◆ **Description of the task**: Given these entries, repeat exactly the lines starting with the one that has "Men's High Quality" and going on through the one that has "Elevate your creative", both included, but none of the pictures.

◆ **Records provided**:
********

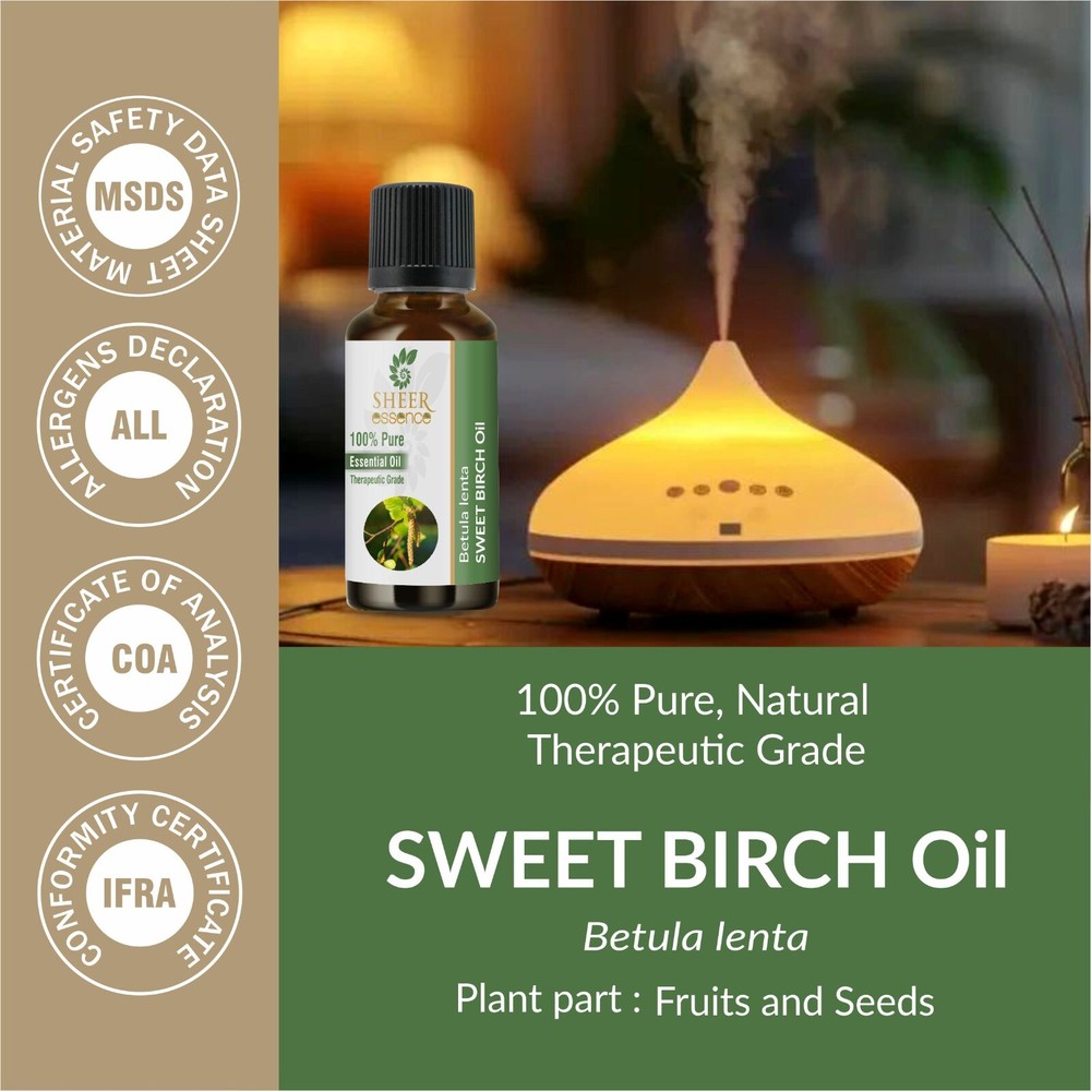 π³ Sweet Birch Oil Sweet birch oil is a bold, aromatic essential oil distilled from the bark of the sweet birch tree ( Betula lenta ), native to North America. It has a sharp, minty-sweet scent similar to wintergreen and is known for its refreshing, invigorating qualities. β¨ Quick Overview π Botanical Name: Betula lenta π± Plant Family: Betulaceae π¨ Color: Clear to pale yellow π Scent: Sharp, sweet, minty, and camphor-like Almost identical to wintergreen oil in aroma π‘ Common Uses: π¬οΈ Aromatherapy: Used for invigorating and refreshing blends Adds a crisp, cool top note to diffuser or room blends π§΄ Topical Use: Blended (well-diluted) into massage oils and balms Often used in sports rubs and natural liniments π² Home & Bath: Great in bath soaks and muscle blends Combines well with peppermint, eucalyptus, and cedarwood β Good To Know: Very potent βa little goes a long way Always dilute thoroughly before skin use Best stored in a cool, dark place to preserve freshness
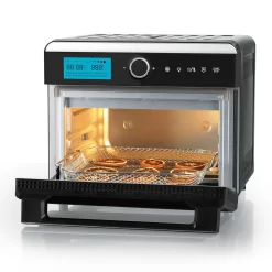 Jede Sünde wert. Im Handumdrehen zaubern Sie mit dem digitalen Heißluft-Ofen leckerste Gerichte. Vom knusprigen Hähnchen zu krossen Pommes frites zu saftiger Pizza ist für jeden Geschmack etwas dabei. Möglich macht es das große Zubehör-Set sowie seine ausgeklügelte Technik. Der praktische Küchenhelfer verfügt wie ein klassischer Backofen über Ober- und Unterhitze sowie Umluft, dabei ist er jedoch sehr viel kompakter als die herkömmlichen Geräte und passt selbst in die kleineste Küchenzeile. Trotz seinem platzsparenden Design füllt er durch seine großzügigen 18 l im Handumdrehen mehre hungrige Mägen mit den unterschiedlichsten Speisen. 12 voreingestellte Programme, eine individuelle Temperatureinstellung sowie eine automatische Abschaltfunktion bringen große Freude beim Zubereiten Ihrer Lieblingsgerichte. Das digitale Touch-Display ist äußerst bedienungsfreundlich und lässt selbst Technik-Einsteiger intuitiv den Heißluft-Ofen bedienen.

********

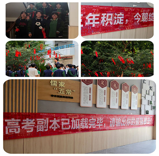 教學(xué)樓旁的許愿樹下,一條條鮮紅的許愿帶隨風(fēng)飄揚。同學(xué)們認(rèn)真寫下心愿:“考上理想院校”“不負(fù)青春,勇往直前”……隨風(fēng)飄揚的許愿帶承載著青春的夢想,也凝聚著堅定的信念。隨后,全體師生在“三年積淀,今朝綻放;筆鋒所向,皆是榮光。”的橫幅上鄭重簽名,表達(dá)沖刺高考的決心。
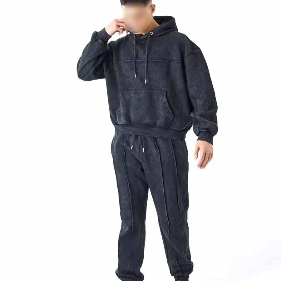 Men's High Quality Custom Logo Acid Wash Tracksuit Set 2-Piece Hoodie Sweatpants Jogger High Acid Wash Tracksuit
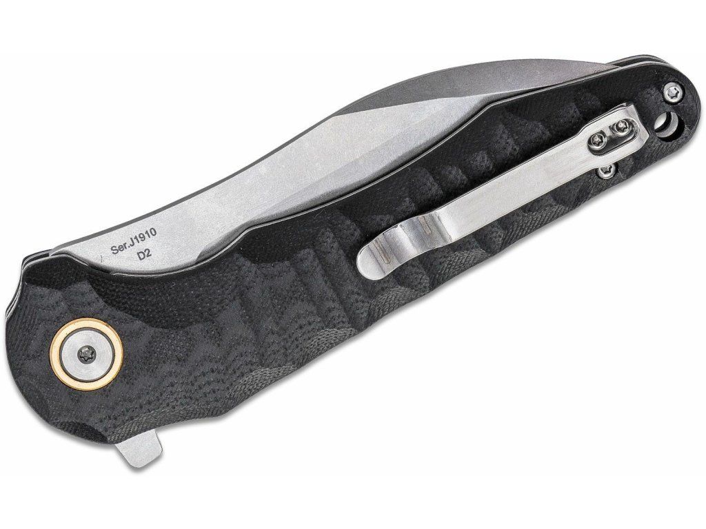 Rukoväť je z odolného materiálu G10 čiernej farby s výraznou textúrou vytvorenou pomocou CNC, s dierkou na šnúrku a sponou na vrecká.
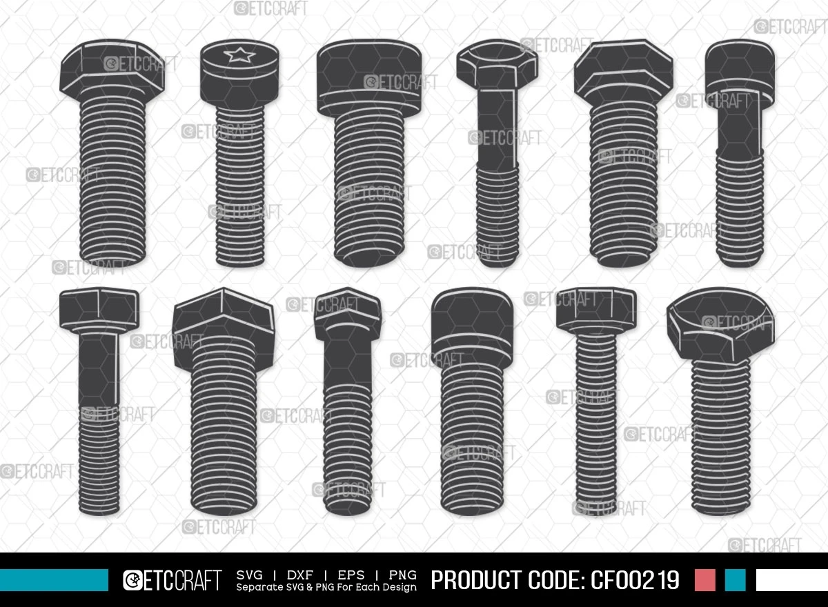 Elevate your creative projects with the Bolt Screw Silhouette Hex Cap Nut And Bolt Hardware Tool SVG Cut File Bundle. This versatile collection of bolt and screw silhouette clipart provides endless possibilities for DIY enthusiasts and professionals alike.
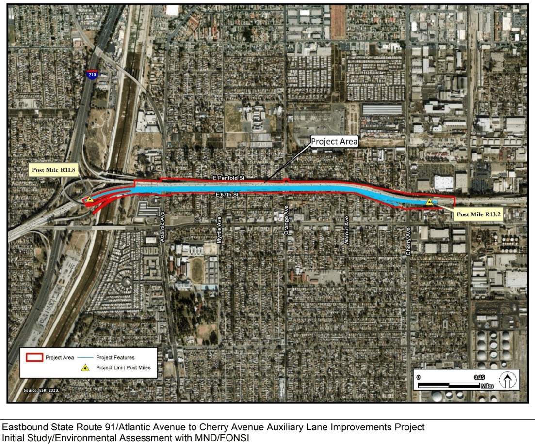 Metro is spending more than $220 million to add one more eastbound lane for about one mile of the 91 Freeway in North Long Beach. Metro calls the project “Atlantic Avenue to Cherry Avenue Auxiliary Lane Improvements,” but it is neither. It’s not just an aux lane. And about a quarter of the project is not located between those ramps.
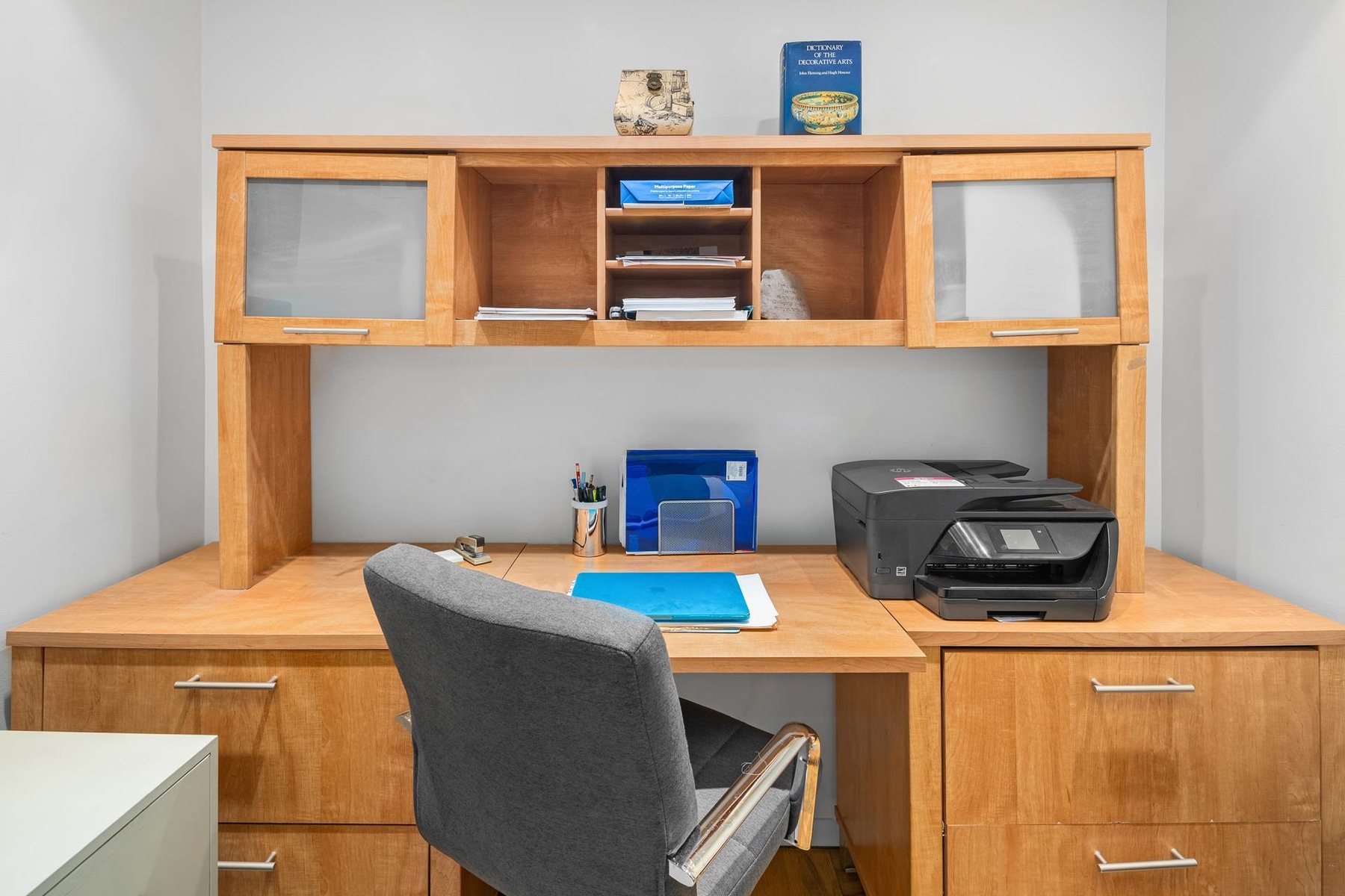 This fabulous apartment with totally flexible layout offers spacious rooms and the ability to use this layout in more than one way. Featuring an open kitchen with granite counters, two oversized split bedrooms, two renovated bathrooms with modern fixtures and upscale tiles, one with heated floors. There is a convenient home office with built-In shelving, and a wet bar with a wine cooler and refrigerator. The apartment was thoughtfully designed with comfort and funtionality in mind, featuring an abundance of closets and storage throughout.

********

◆ **Your solution**:
 Men's High Quality Custom Logo Acid Wash Tracksuit Set 2-Piece Hoodie Sweatpants Jogger High Acid Wash Tracksuit
 Rukoväť je z odolného materiálu G10 čiernej farby s výraznou textúrou vytvorenou pomocou CNC, s dierkou na šnúrku a sponou na vrecká.
 Elevate your creative projects with the Bolt Screw Silhouette Hex Cap Nut And Bolt Hardware Tool SVG Cut File Bundle. This versatile collection of bolt and screw silhouette clipart provides endless possibilities for DIY enthusiasts and professionals alike.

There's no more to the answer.